Where Will Ethereum’s Historical Data Go After “The Purge” of EIP-4444?
“Ethereum was never designed to be a permanent data storage system.” – EIP contributor Micah Zoltu
On the beacon chain‘s birthday, Ethereum founder Vitalik Buterin tweeted a detailed roadmap for the protocol. After the transition to proof of stake, the implementation of sharding and a move towards statelessness comes The Purge: eliminating historical data.
According to this roadmap item’s proposal document, EIP-4444, Ethereum clients will be obliged to discard data over one year in age. The Purge improves Ethereum in a number of ways:
- Reduces hardware requirements for nodes
- Allows clients to remove code that deals exclusively with legacy transactions
- Reduces bandwidth on the network – clients need to sync less data
The hardware requirement reduction improves decentralization of the network by making it easier for consumer-grade equipment to run a full node. As we’ve seen with chains like BSC and Solana, high transaction throughput over a long period of time either leads to centralization or necessitates creative solutions.
Similarly, faster clients and a lightweight sync process reduces strain on the network and its nodes, making the protocol better at its core job of processing transactions at the very tip of the chain.
Separating the jobs of writing new data and reading historical records into two systems is a smart choice from the perspective of technical debt and future scalability, but it comes with one big problem to solve:
If the data isn’t on chain, where is it? And how can we trust it?
Whether Ethereum data is one year old or one day old, there’s a huge ecosystem of apps that rely on it. Block explorers, on-chain analysis tools, DAO voting protocols – anything that isn’t only concerned with processing transactions in the here and now. Where will these apps source blockchain history? And if it’s not validated by a chain or network of nodes with something to lose, how can we be sure it hasn’t been tampered with?
In the EIP-4444 document, the authors suggest using either torrent magnet links or IPFS. While both options are decentralized, neither one provides guarantees the data will be around in the long term. Millions of torrents are unseeded and will stay that way, and IPFS merely guarantees that the content may be available at the given hash provided that the unincentivized person responsible for storing it held up their end of the bargain.

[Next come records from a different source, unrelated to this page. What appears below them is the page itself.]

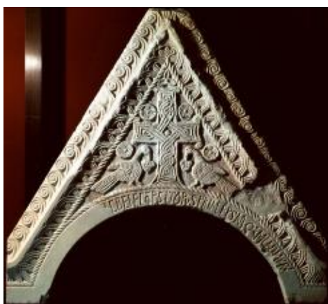
Immagine 1: timpano di Uzdojce presso Knin

6. Osserva le immagini dei frammenti di pietra e rispondi alle seguenti domande.
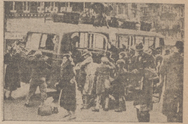
Ante la normalidad de la vía en París y el trato correcto y caballeroso de los vencedores, la población parisina que huyó al aproximarse las tropas alemanas, regresa ahora a sus hogares. Todos los días llegan millares de personas por trenes y autobuses, que ponen fin así a su existencia transhumante.
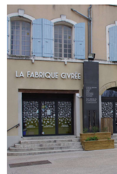
Devanture enseigne (Aubenas)
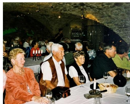
Dette bildet er fra en fellestur i 2004 sammen med Gudbrandsdal og Hedmark til Rüdeshiem i Tyskland.

Gudbrandsdal som var en av naboavdelingene til Vestoppland, fikk forespørsel om vi kunne ta imot medlemmene i Vestoppland. Det sa de ja til og sammenslåingen gikk greit, og etter et halvår var det meste på plass og fungerer godt. Godt vennskap og tidligere samarbeide bidrog nok i stor grad til at dette ble vellykket.
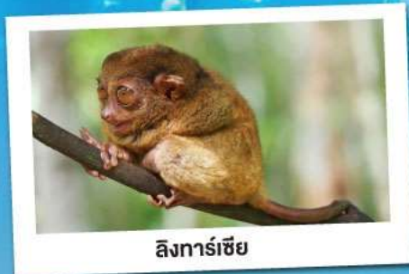
ลิงการ์เซียร์
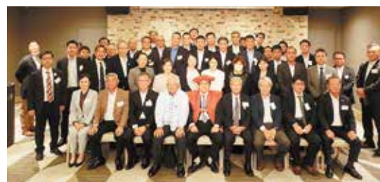
参加者全員で記念写真
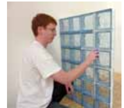
Joints silicone Saverbat
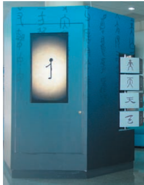
圖十一 漢字轉軸區
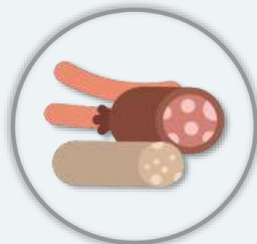
КОЛБАСНЫЕ ИЗДЕЛИЯ/ КОНСЕРВИРОВАННЫЕ ГОТОВОЕ МЯСО
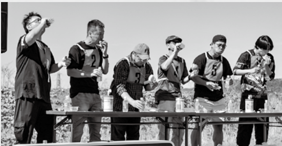
▲しいカツチャンピオンシップの様子
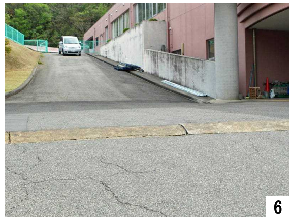
正面玄関の坂、上り方向から撮影
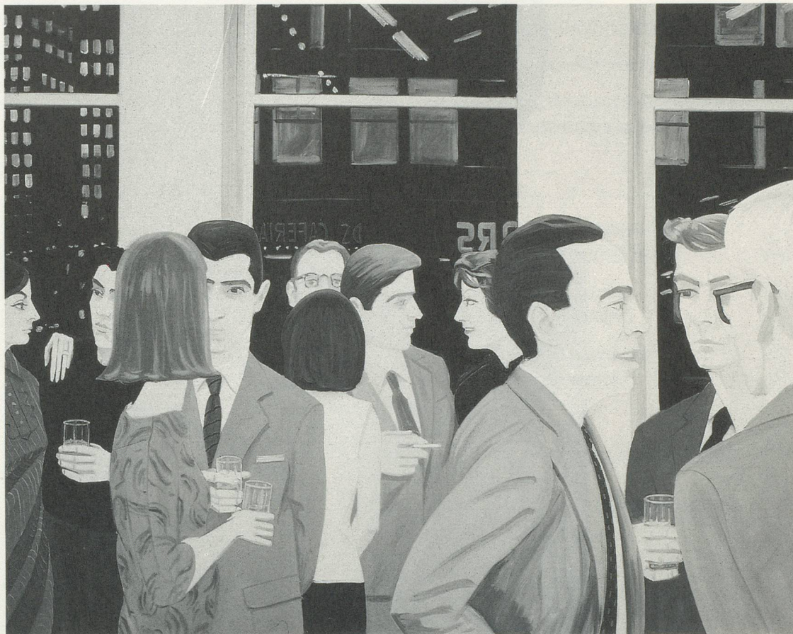
UMSCHLAG / COVER: ALEX KATZ, PASSING / VORÜBERGEHEN (SELF-PORTRAIT), 1962-63, OIL ON CANVAS / ÖL AUF LEINWAND, 79 5 / 8 x 71 3 / 4 "/ 202 x 183 cm. (COLLECTION, THE MUSEUM OF MODERN ART, NEW YORK)
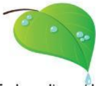
Embun di pagi hari
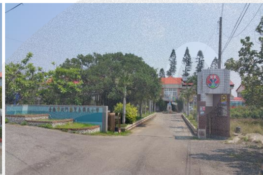
圖 8-15 雙春國小
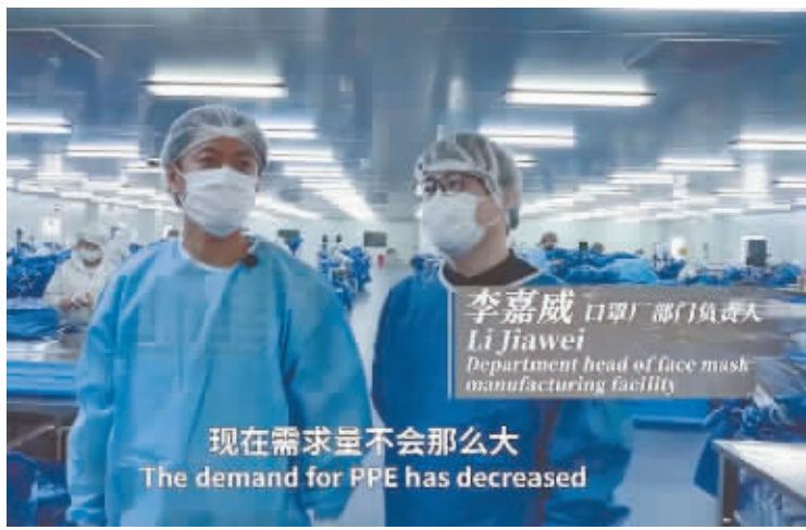
现在需求不会那么大 The demand for PPE has decreased
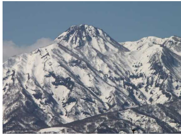
春の訪れを告げる妙高山「跳ね馬」の雪形 (上越森林管理署(妙高市))
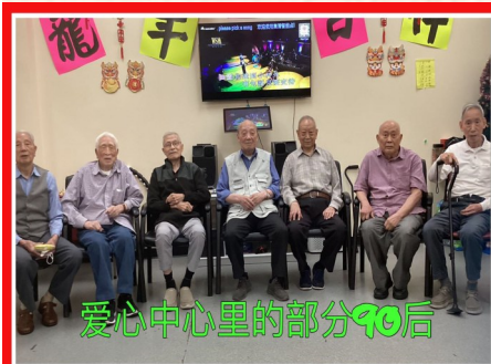
爱心中心里的部分90后
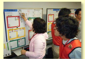
病院の受け入れ訓練
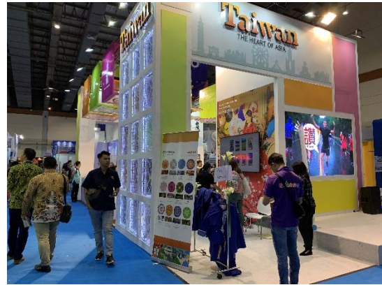
本次臺灣觀設計意象
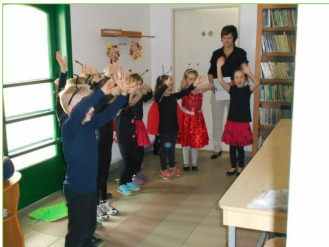
Den matek v DPS
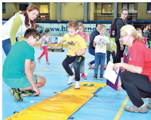
Malí olympionici súťažili aj v skoku do dialky.

V aktuálnom ročníku súťaže dominovali domáci Brezňania, ktorí ovládli takmer všetky stupne víťazov. Prvé miesto a putovný pohár primátora si odniesli deti z materskej školy na Clementisovej ulici, druhí skončili škôlkari z Mazorníkova a bronzovú priečku si vybojovali malí športovci z Predajnej. V zdravotníckej príprave si najlepšie počínali škôlkari z Lopeja.
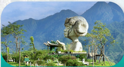
Moana View Sapa
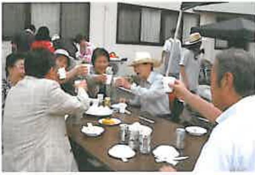
肉や野菜が焼ける前から「乾杯!」の皆様
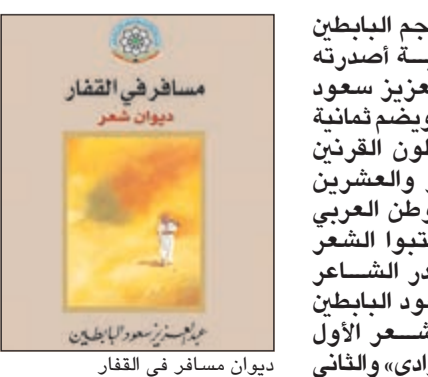
ديوان مسافر في القفار

تقيم كلية دار العلوم بجامعة المنيا في مصر ندوة حول معجم البابطين لشعراء العربية في القرنين التاسع عشر والعشرين، كما تعقد جلسة نقدية لمناقشة ديواني الشاعر عبدالعزيز سعود البابطين «بوح البوادي» و«مسافر في القفار»، وذلك يوم الأربعاء المقبل، وتأتي الندوة تحت عنوان «قضايا الشعر العربي الحديث في ضوء معجم البابطين»، ومواقف: معجم القرنين شعر البابطين نموذجين، وسيناقش مجموعة من الأكاديميين المحاور الآتية: معجم القرنين رؤية نقدية يتناول من خلالها المشاركون قضايا المعجم وشعراءه من حيث عرقياتهم وإيديولوجياتهم التي أشار
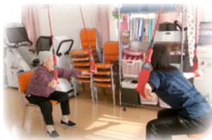
機能向上を狙った運動
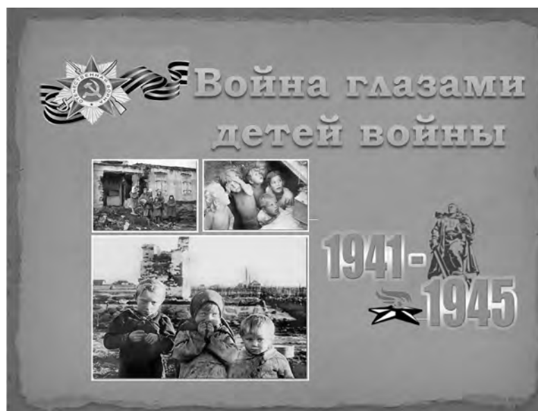
Конкурсный альбом «Война глазами детей войны» Совета женщин Алексеевского округа.
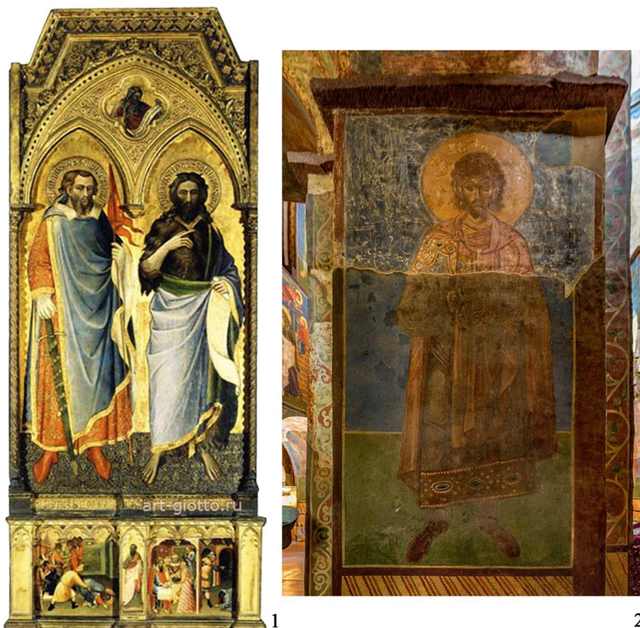
Рис. 3. 1 – Спінелло Аретіно. Ікона «Святі Немезій і Йоан Предтеча». Дерево, темпера. 1385 р. Музей образотворчих мистецтв. Будапешт; 2 – Невідомий святий. Фреска XII ст. (вгорі), олійний живопис XIX ст. (внизу). Південна площа південно-західного опорного стовпа Кирилівської церкви.
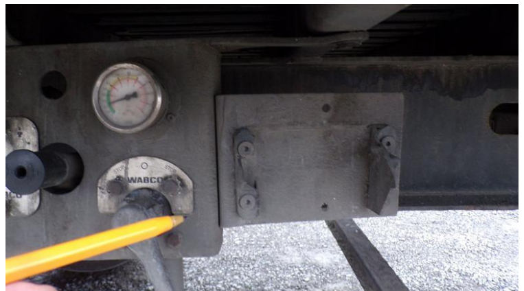
Fot. nr 90

Dokument wystawiony elektronicznie, wa ny bez podpisu
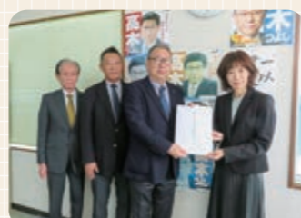
衆議院議員 高木 毅氏(代理)

当会でも、税を考える週間にあわせ、敦賀税務署管内すべての市町を訪問し、提言書を手交しました。いよいよ北陸新幹線敦賀開業が目前となり、嶺南地域の特色を活かし、地元経済の活性化、魅力ある街づくりの重要性などについて貴重な意見交換の場となりました。
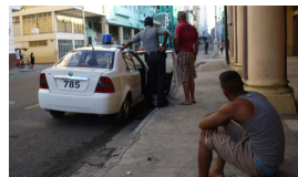
ALCANZAR EL SUEÑO HABANERO
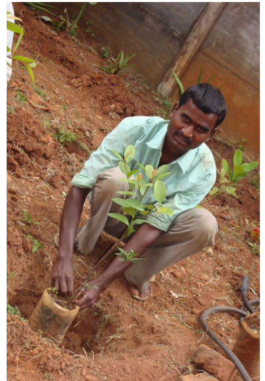
Planting of saplings by public
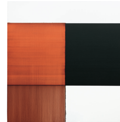
Callum Innes, Exposed Painting Crimson Red , 2014 © Callum Innes
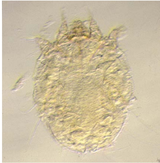
Abb. 1 Lichtmikroskopische Aufnahme (LM) einer adulten Krätzmilbe.
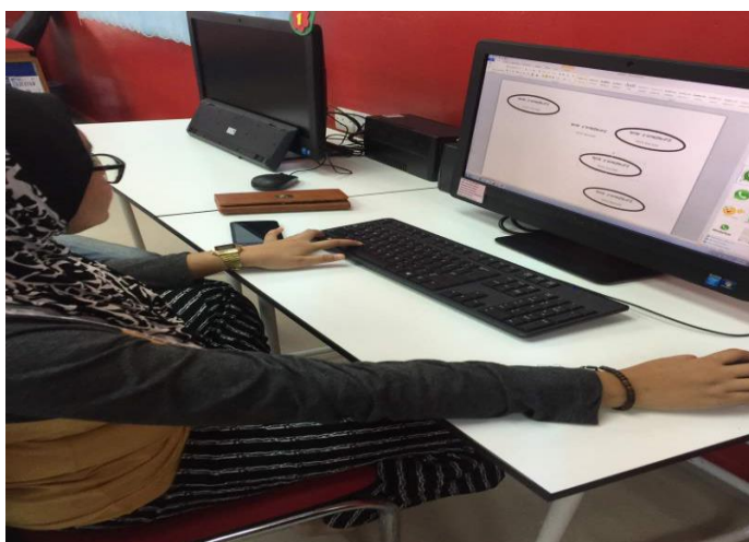
Gambar 2:Peserta berjaya membuat label produk menggunakan Microsoft Word.

Photo caption names Keterangan gambar beserta nama
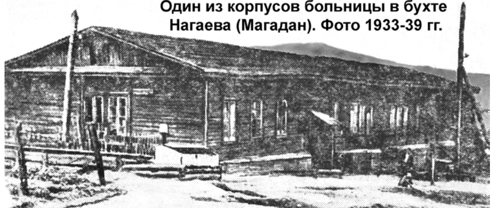
Один из корпусов больницы в бухте Нагаева (Магадан). Фото 1933-39 гг.

Машину коекак утеплили (подогревы тогда еще не делали), дали нам тулупы, и только на второй день после вызова в семь часов утра мы выехали.

Other suggestions include Portal Network which appears to leverage Swarm and states “we don’t provide any guarantee regarding file availability on the network”, and Filecoin, which offers temporary decentralized storage on a subscription model.
With all of these options discarded, the only solution for storing something as important as the full Ethereum blockchain is Arweave. Arweave offers guaranteed permanent storage and currently has enough $AR in the storage endowment to fund miners for almost 1,000 years – assuming the cost of hard drive space never goes down, and no $AR is ever paid into the endowment again. With Arweave’s incentive model, it offers the closest thing to permanent storage the world has ever seen.
In fact, Arweave already stores the full blockchains of Solana, Avalanche, Cosmos, Moonriver, Celo, and NEAR. KYVE is a PoS network built on Arweave which incentivizes nodes to fetch and validate data streams of any kind, including the JSON-RPC format used by Ethereum.
Once stored on Arweave, the data can be queried like any other permaweb data – using GraphQL. Or, apps looking to use historical Ethereum data could also take advantage of The Graph‘s powerful API to handle queries.
When it comes to storing a body of knowledge as vast and culturally significant as the entire history of Ethereum, the foundation should explore options that make that data’s availability just as decentralized as the network itself.